Some believe the universal right to free expression should extend to all, even ideas that are deemed a threat to the public interest (as homosexuality was only a generation ago) or which are a threat to prevailing conventional wisdom and political norms (as miscegenation was in much of the country, as well). A competing viewpoint holds that free speech is just a cop-out code phrase, mostly working in the service of professional trolls or entitled jerks to abusively act out with impunity.
 
A prominent literary organization leaps into the fray
PEN America, the literary and human rights association that lists as one of its core principles a commitment to “protect open expression in the United States and worldwide,” set out to explore the state of free speech on the nation’s campuses — re-examining several high-profile incidents and controversies. While not comprehensive, the report, published this fall, is impressively thorough, treating much of its content as teachable case studies, rather than a set of self-affirming anecdotes.
 
Some press coverage, however, suggested that the PEN America report — titled “And Campus For All: Diversity, Inclusion, and Freedom of Speech at U.S. Universities” — had exonerated campuses from the charge that they insufficiently protect free speech, and that it sided with students who think “cries of ‘free speech’ are too often used as a cudgel against them,” as the New York Times put it.
 
The report itself contributes in a small way to this confused take, largely due to a single line in its conclusion which (improbably) asserts that there is no “pervasive ‘crisis’ for free speech on campus.” But that same report exhaustively details dozens of cases where certain speech was inappropriately muted on campus.
 
More examples: Skidmore College’s Bias Response Group determined that the posting of Donald Trump’s official campaign motto “Make America Great Again” in classrooms where women and people of color worked constituted “racialized, targeted attacks.” A tenured associate professor at Louisiana State University, Teresa Buchanan, was dismissed for the offenses of using off-color language (including “fuck no”) in class, and off campus (where she said “pussy” in a conversation with another teacher). Like the University of Colorado’s Adler, Buchanan was deemed to have created a “hostile learning environment.”
 
The authors write of the “chilling effect” such administrative actions have on professors who fear reprisals for unintentional offense, and as a result, will avoid certain subjects, including rape law and even some aspects of Greek mythology, out of an abundance of caution.
 
An unflinching defense of free speech, coupled with sympathy
Taken in its totality, PEN America’s report rejects the idea that free speech is a tool of oppression. Yet the report differs from the standard conservative anti-“PC” diatribe in that it also shows a great deal of sympathy for the concerns of minority groups on campus. Adding further nuance, the authors spend a great deal of time explaining how free speech is a vital tool for people removed from the traditional power structures at America’s institutions of higher learning.
 
Given how much space the report gives to the testimony of students who feel marginalized and targeted on campuses, the report will surely displease certain free speech absolutists, who might be inclined to argue that today’s college students need to get over their addiction to hurt feelings.
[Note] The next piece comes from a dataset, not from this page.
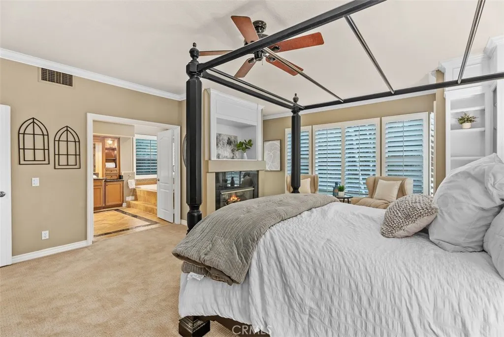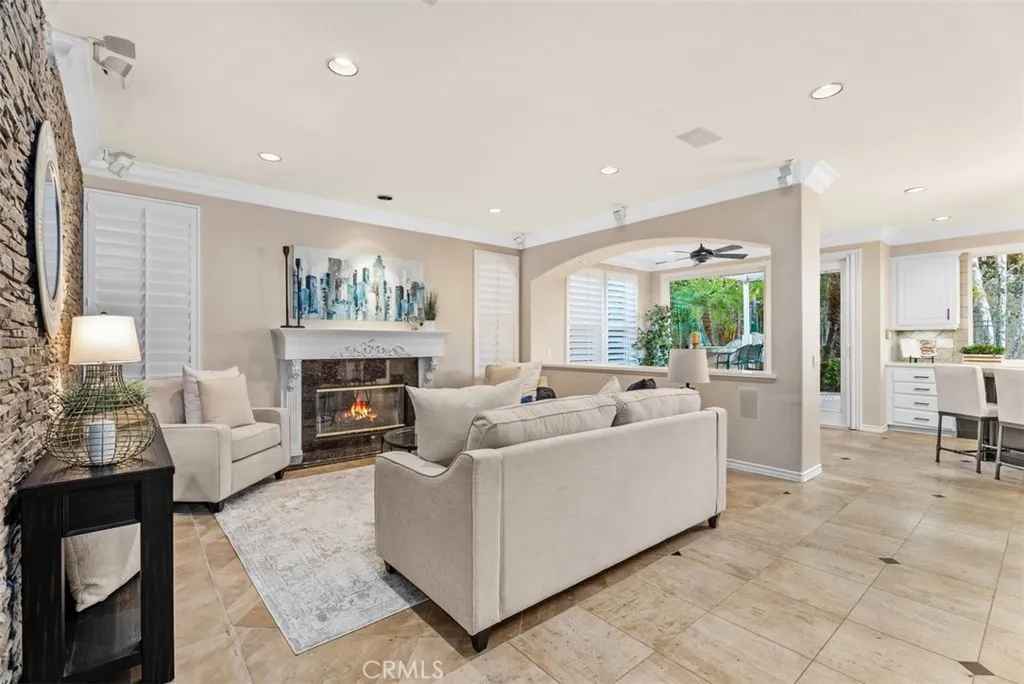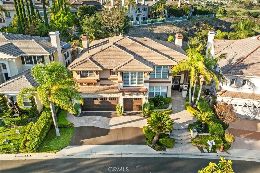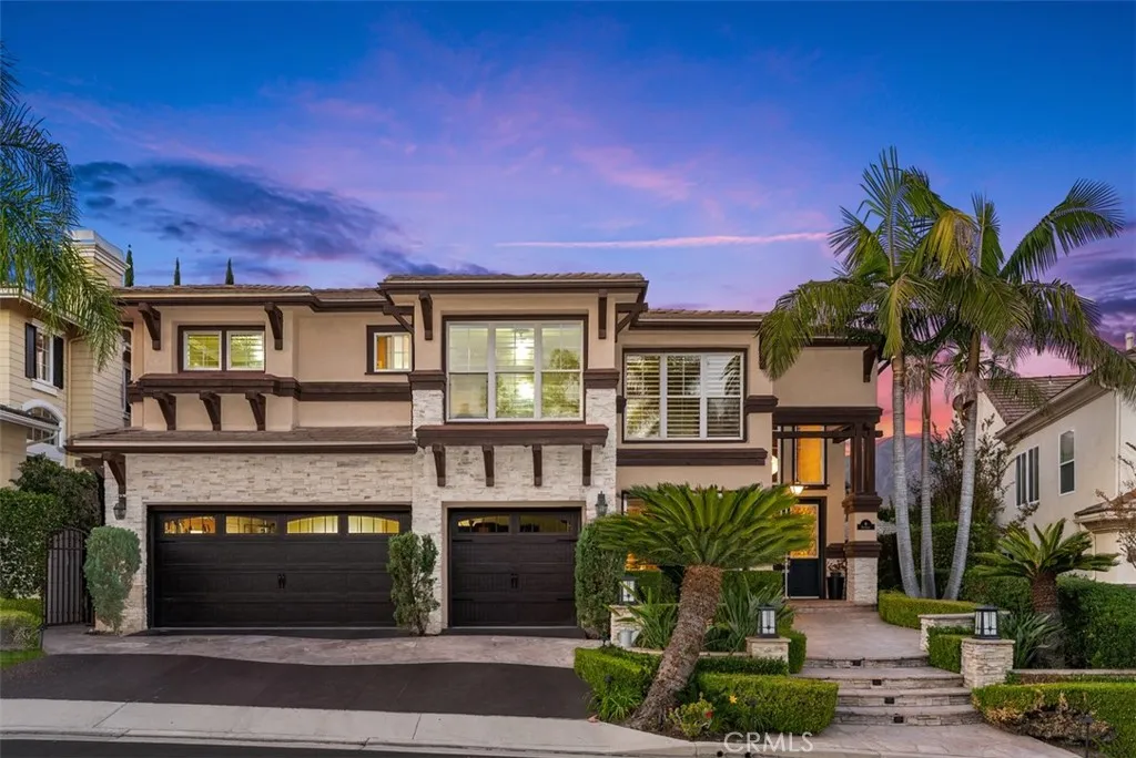 Discover unparalleled luxury at 6 Barneburg, a stunning 5-bedroom, 4.5-bathroom pool and spa home within the prestigious gated community of Dove Canyon. Boasting breathtaking panoramic views and an open floor plan, this thoughtfully designed home is a must-see. Upon entry, you are greeted by a spacious formal living and dining room, accentuated by soaring ceilings and expansive windows. The upgraded gourmet kitchen, a culinary enthusiast's dream, boasts quartz countertops, a large center island with seating, a double oven, and a walk-in pantry, seamlessly flowing into the breakfast nook and a separate family room complete with a wet bar and fireplace. A convenient main floor bedroom with a private full bath provides added flexibility. Ascending to the second level, the oversized primary bedroom presents a luxurious retreat, featuring a fireplace and a private walk-out deck to savor the sweeping views. The primary bathroom is appointed with dual vanities, a jetted tub, and a separate shower, ensuring a spa-like experience. This level also offers a spacious bonus room or loft, perfect for recreation or relaxation. Two secondary bedrooms are connected by a convenient Jack-and-Jill bathroom with dual sinks, while a fourth upstairs bedroom provides additional accommodation. The meticulously landscaped backyard serves as an entertainer's paradise, showcasing a sparkling pool and spa with a tranquil waterfall, a built-in barbecue, and an outdoor fireplace, all set against a scenic backdrop. Enhanced by casement windows, crown molding, and newer carpet, this residence exudes refine

Such people would also likely roll their eyes at the report’s defense of the positive role of “safe spaces” (very narrowly defined) on campus.
 
But such critics would be missing the point. The report makes clear that colleges can acknowledge grievances, support reasonable efforts to protect the mental and physical well-being of its students, ensure students are protected from overt harassment — and also defend the right to free expression for all.
 
Suzanne Nossel, PEN America’s executive editor, told the Times that the organization’s stance is not the “doctrinaire ‘free speech or bust’ position.” Striking an admirable balance, the authors present a stalwart defense of free speech but also discuss the “chilling effect” that bigotry, both casual and overt, can have on the free expression of historically marginalized identity groups.
 
The American Bar Association’s (ABA) analysis of speech that crosses the line into harassment is used as a reference point. The public expression of the view that homosexuality is a sin — which would strike many as bigoted, hurtful, and on some level intimidating for gay people to be confronted with — remains protected speech. However, the ABA notes that the repeated personalized use of a derogatory slur, directed at a person “so often and so publicly that it impacts his or her peaceful enjoyment of the school or campus,” enjoys no First Amendment protection.
 
At the same time, the report’s authors also detail dozens of cases where free speech was inappropriately muted on campus, and how such incidents create chilling effects on speech.
 
The authors express the need — “in an increasingly multicultural nation” — to foster a campus atmosphere suitable for allowing students to “communicate across vast divides in experience and world view,” noting that this can’t happen if respect for civil discourse manifests itself as “ratification of an unequal status quo.” But nor can it happen when “calling out offensive behavior shades into an oppressive atmosphere of political correctness and even censorship.”
 
You can practically see the authors tip-toeing through a minefield, always aware of the very legitimate social concerns that are too often cavalierly dismissed as political correctness run amok. Yet the authors never waver from their essential principle, which is a rock-ribbed defense of both the moral and practical need to defend free speech as both the most vital tool available for the disenfranchised — and essential for the preservation of honest intellectual inquiry and debate. That conclusion may seem uncontroversial, even obvious, to some — but today’s campus climate, it’s an important intervention.
 
A limited defense of “safe spaces”
The discussion of “safe spaces” has become one of the most divisive sub-sections of the debate over free speech on campus. PEN America’s partial endorsement of that concept may come as a surprise: The group describes the creation of “small, self-selected groups united by shared views,” which could be anything from a group of five Iranian-born students kicking around stories from back home in a dormitory common room, to a chapter of the Hillel club, which on some campuses consist of hundreds of Jewish students as members.
 
But the report opposes making entire campuses “safe spaces” from discomfort. The authors argue against such a “hermetically sealed intellectual environment where inhabitants could traffic only in pre-approved ideas.”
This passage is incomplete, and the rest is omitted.